Video summarization has been crucial for effective and efficient access of video content due to the ever increasing amount of video data. Most of the existing key frame based summarization approaches represent individual frames with global features, which neglects the local details of visual content. Considering that a video generally depicts a story with a number of scenes in different temporal order and shooting angles, we formulate scene summarization as identifying a set of frames which best covers the key point pool constructed from the scene. Therefore, our approach is a two-step process, identifying scenes and selecting representative content for each scene. Global features are utilized to identify scenes through clustering due to the visual similarity among video frames of the same scene, and local features to summarize each scene. We develop a key point based key frame selection method to identify representative content of a scene, which allows users to flexibly tune summarization length. Our preliminary results indicate that the proposed approach is very promising and potentially robust to clustering based scene identification.

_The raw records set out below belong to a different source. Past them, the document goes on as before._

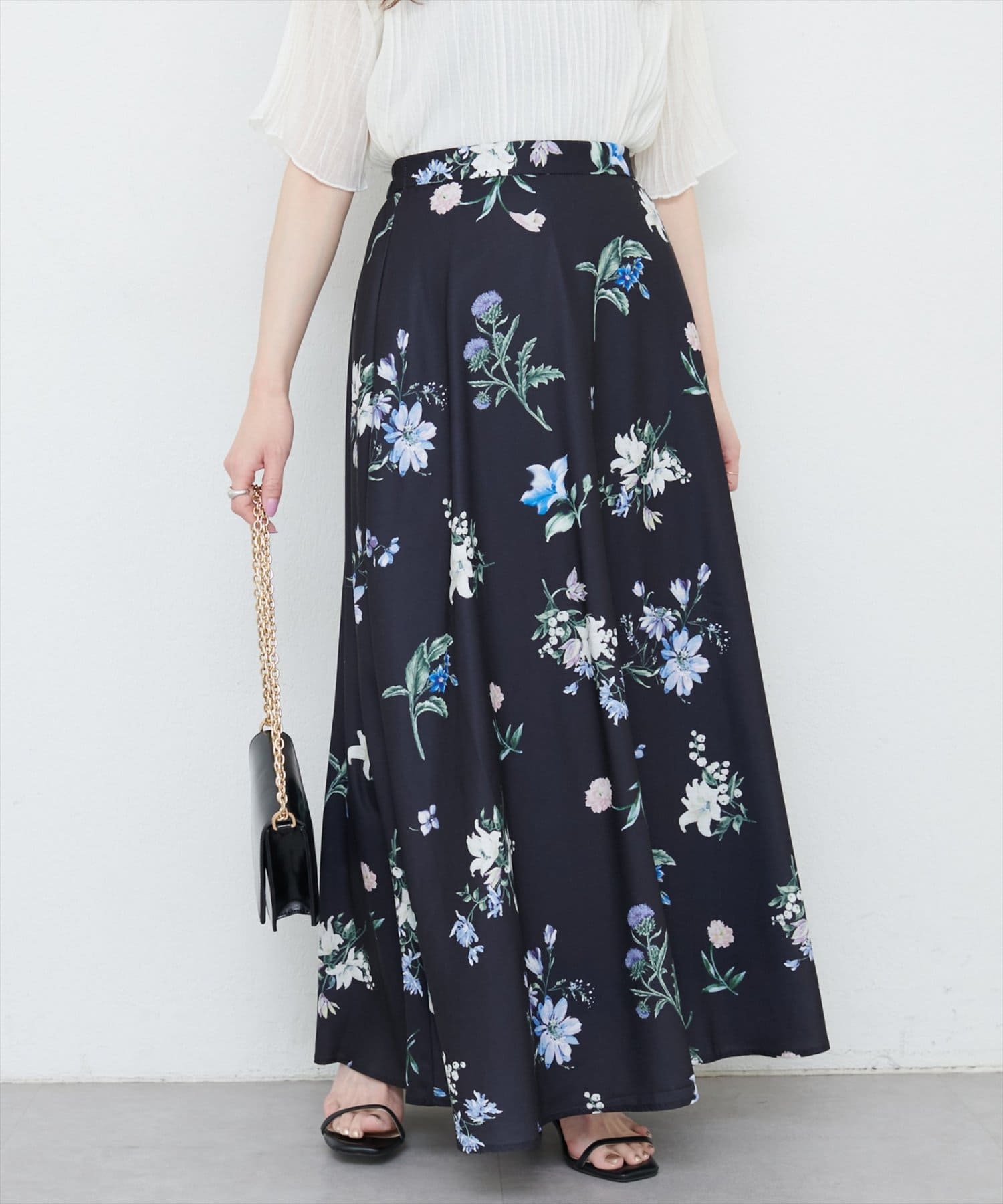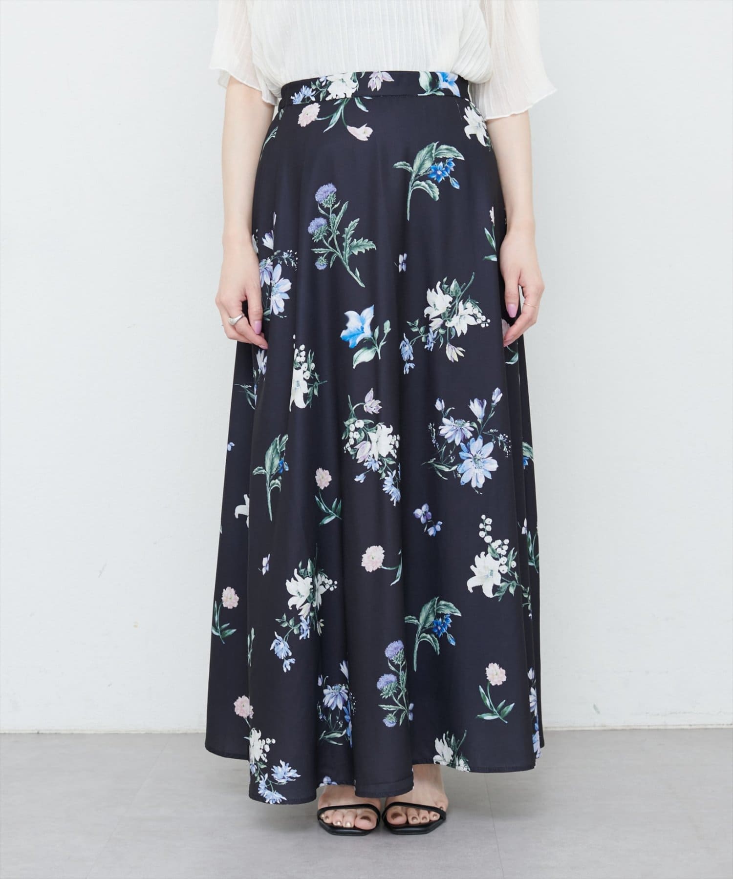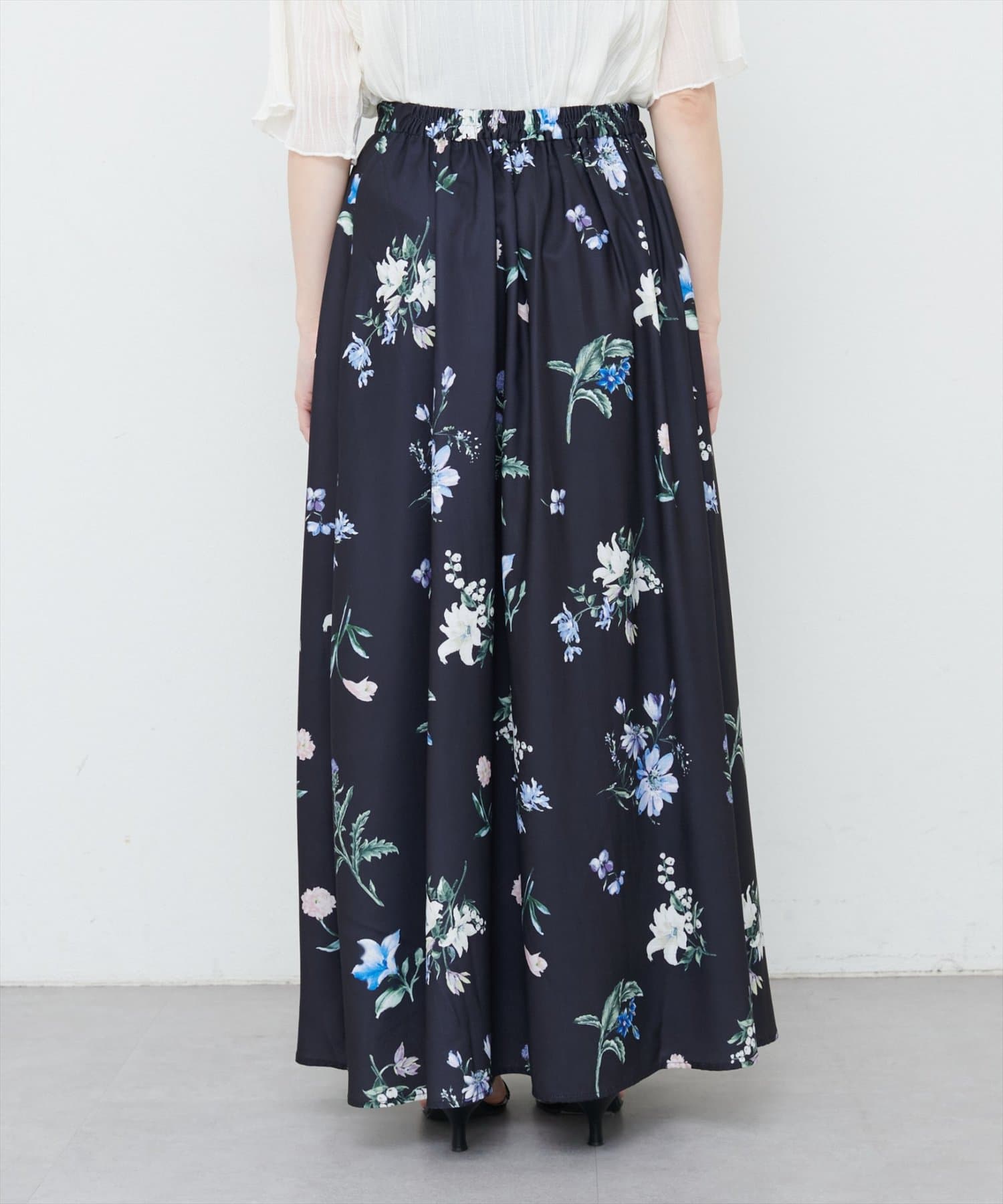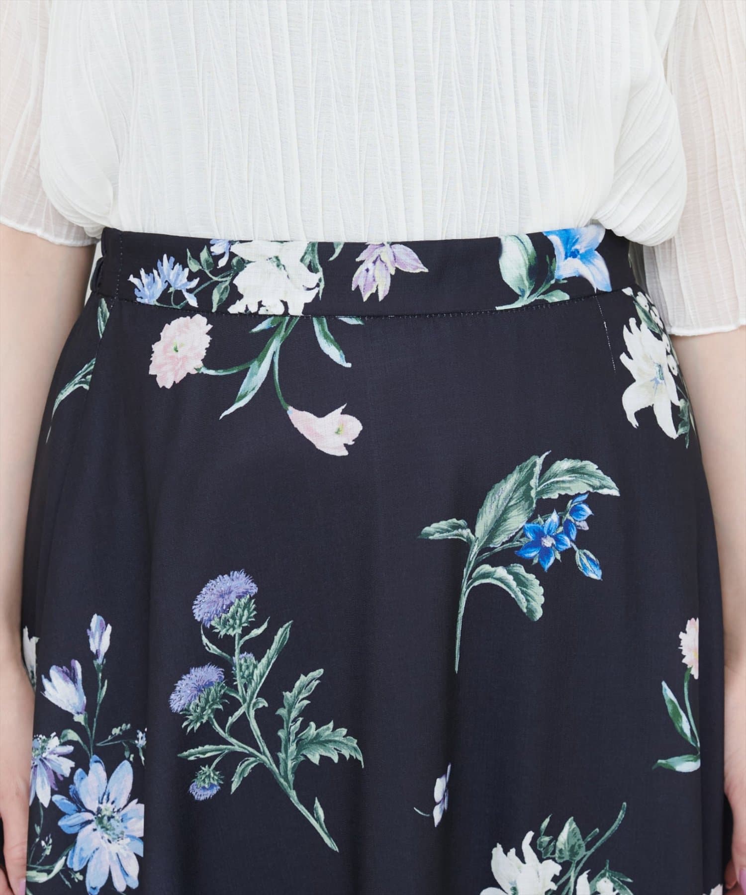 オリジナルの花柄素材をたっぷり使い、一面に咲き誇る繊細な花柄が美しいスカート。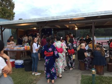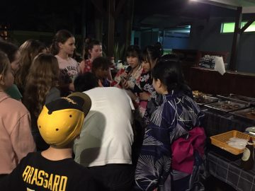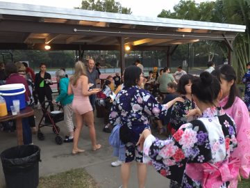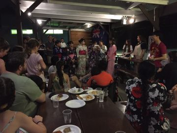 8月9日(金)SACC最後のディナーは、ホストファミリーをご招待してのBBQパーティです。ハンバーグ、ソーセージ、カンガルーのお肉などをパンに挟んで頂きます。事前の行った浴衣の着付け講習の甲斐あって、みんな浴衣を素敵に着こなしていました。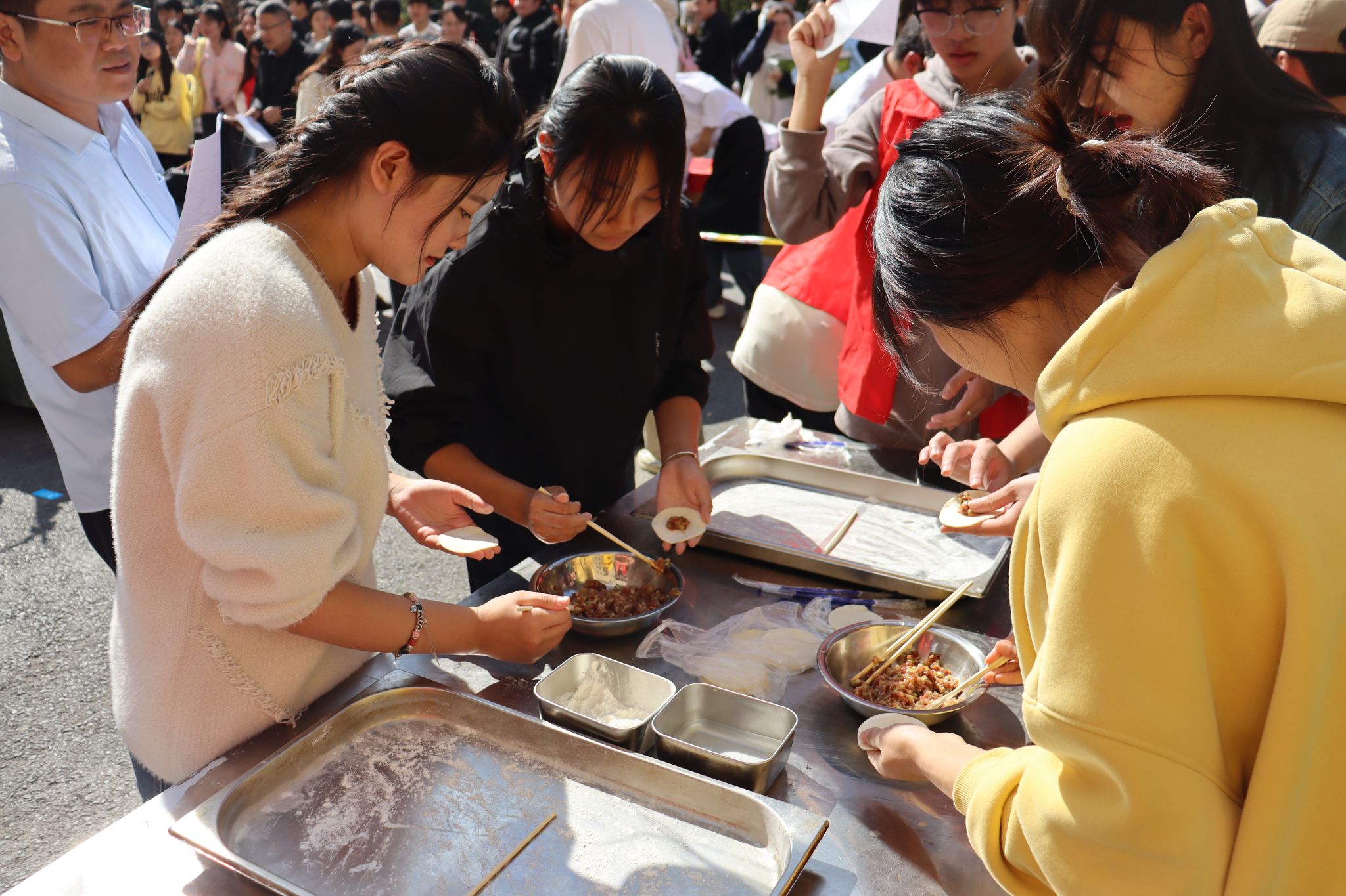 各个班级同学积极参加报名、选拔备战,活动现场,同学们纷纷化身为厨艺高手,亲手包制出各式各样的美味饺子。在比赛现场,同学们手艺娴熟,配合默契,擀皮、包馅、捏边,一道道工序井然有序,气氛热烈而融洽。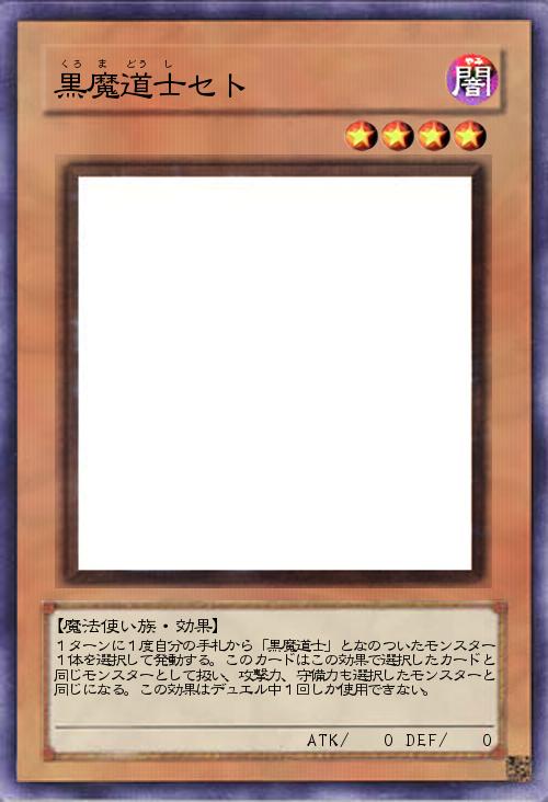| 1ターンに1度自分の手札から「黒魔道士」となのついたモンスター1体を選択して発動する。このカードはこの効果で選択したカードと同じモンスターとして扱い、攻撃力、守備力も選択したモンスターと同じになる。この効果はデュエル中1回しか使用できない。 | |||
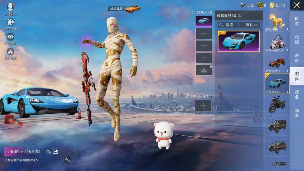 【粉色载具】:玛莎拉蒂Ghibli(蓝),迈凯伦570S(天际蓝),合金龙骨(红),布尔玛摩托车,护世瑞兽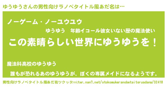 | ヒーロー風カッコイイあだ名 | 『仮面ユウダー』『愛の使者ゆうゆう』 |

机译:由于视频数据量的不断增加,视频摘要对于有效和高效地访问视频内容至关重要。现有的大多数基于关键帧的摘要方法都代表具有全局特征的单个帧,而忽略了视觉内容的局部细节。考虑到视频通常以不同的时间顺序和拍摄角度来描述具有多个场景的故事,我们将场景摘要制定为标识一组最能覆盖由场景构建的关键点池的帧。因此,我们的方法是一个两步过程,识别场景并为每个场景选择代表性内容。由于同一场景的视频帧之间的视觉相似性,全局特征用于通过聚类来识别场景,而局部特征则用于汇总每个场景。我们开发了一种基于关键点的关键帧选择方法来识别场景的代表性内容,从而使用户可以灵活地调整摘要长度。我们的初步结果表明,所提出的方法对于基于聚类的场景识别非常有前途并且具有潜在的鲁棒性。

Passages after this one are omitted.